汉字本义考辨对于训诂文字、古籍校勘以及字义的引申研究有重要意义。关于“川”字的本义学界仍有争论,主要都集中于“河流”“河岸”两种不同说法。“川”字的甲骨文象水形,在《说文解字》《管子·度地》《楚辞章句》中指出“川”字的本义为“河流”。此外,有部分学者认为甲骨文中的“川”字,中间两条虚线为虚指,两边的实线应为所指,即“两岸夹水”,由此推断为“河岸”,该说法均有悖事实,仍需考证。

一、从汉字构形看“川”字本义

“川”字由于表意较为具体,其汉字构形从有文字记载的甲骨文时代以来并没有发生巨变,从稳定的字形结构出发可以探求其本义。汉字起源于以象形文字为基础的表意文字,是最古老的书写系统,是形、音、义的有机统一。最初的文字符号是根据所指内容刻画出来的,汉字构形往往与表达的意思直接相关。汉字的字形是以它所记录意义内容为直接来源,因此通过对汉字字形的分析来探究汉字的本义也是最直接、最重要的方法。

在“川”字的字义考辨方面,历来学界对“川”的本义及引申义解释都是莫衷一是的,尽管在“川”象“水”形方面观点达成一致,但针对其本义是“河流”还是“河岸”仍有争论。“川”字的甲骨文象水形,为:    (出自甲骨文前4.13.3合10161宝组),中间的虚线指代河流,两边的实线指代“河岸”。《说文解字》中将“川”解释为“贯穿通流水也”[1];罗振玉有“象有畔岸而水在中”[2]的解释;另在《楚辞章句》中的王逸对其解释为:“流源为川”[3]。由此观之,绝大多数学者认为“川”字的本义为“河流”。

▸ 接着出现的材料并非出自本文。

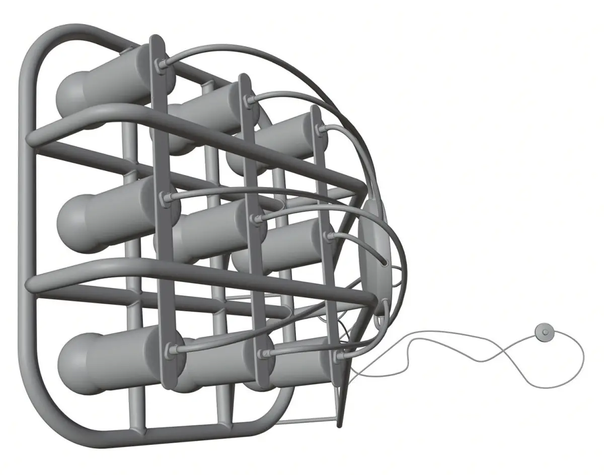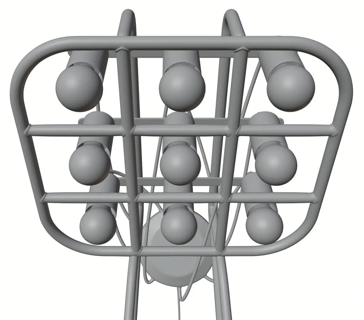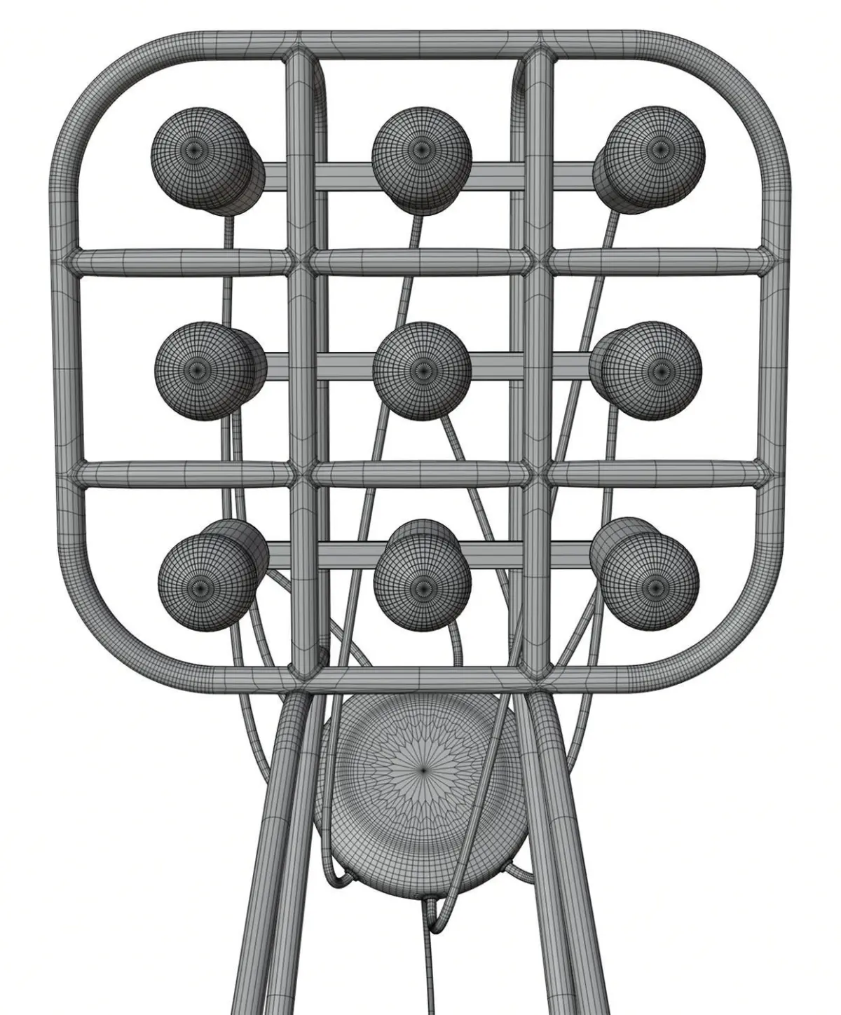 This realistic 3D model presents the modern standing lamp. On high legs placed a frame made of small squares, each of them has a separately mounted light bulb. Model prepared for 3d architectural visualisations and other graphic works.

当代有学者指出“川”本义为“河岸”,他们认为甲骨文中间两条虚线为虚指,两边的实线应为所指,即“两岸夹水”,由此推断为“河岸”。实际上这种结论存在偏差,甲骨文“川”字字形近似弯曲的河流,两边的弯线代表河岸,中间三点是指代“流水”。金文与小篆的“川”字演变成三条竖曲线,在汉字隶变之后,“川”字中间的笔画笔直且连贯,尽管象形的意味逐渐减弱,但仍与“河流”形象密不可分。有学者基于“朝”字某一甲骨文字形    (出自甲骨文大盂鼎西周早期集成2837),从而做出“川”字本义为“河岸、地平线”的论断也有失严谨。事实上右半部分“川”字指河流,有太阳从草地升起、潮水上涨之意,而非其所言“太阳从地平线上升起”之意。因此,无论是单字“川”的甲骨文字形还是“朝”字的此类甲骨文写法,都将“川”字的本义指向“河流”而非“河岸”。从甲骨文字形探寻本义并无不妥,但此处论据出现事实性偏差,并将“川”的引申义与本义混淆,自然导致结论与事实相悖。从甲骨文字形考证汉字本义是最直接的方式,但是由于时间跨度过大,今人思维方式与古人也存在较大差异,在文字考证过程中难免存在主观随意性过强、以今律古的问题,这也是需要当今学者引起重视的问题。

二、从汉字同源看“川”字本义

研究“川”的汉字构形是从造字角度探寻其汉字本义,而扩展到汉字“谐声系统”可以从汉字同源的角度考辨本义。同源汉字之间读音相近、意义相关,在汉字发展的初期,象形程度高,词义往往通过字形反映出来,在语言发展到一定阶段之后,因形示意的功能就逐渐减弱了。人们通常约定俗成地采用相同或者近似的语音来指称在意义上存在联系的一组词,其中汉字同源系统中字音和字义的相互对应关系也是有规律可循的,人们可以通过语音来探索语源进而分析语义。在这种情况下,对比分析读音近似、表意相关的“同源字”就成了形声字的字义考辨研究的重要角度。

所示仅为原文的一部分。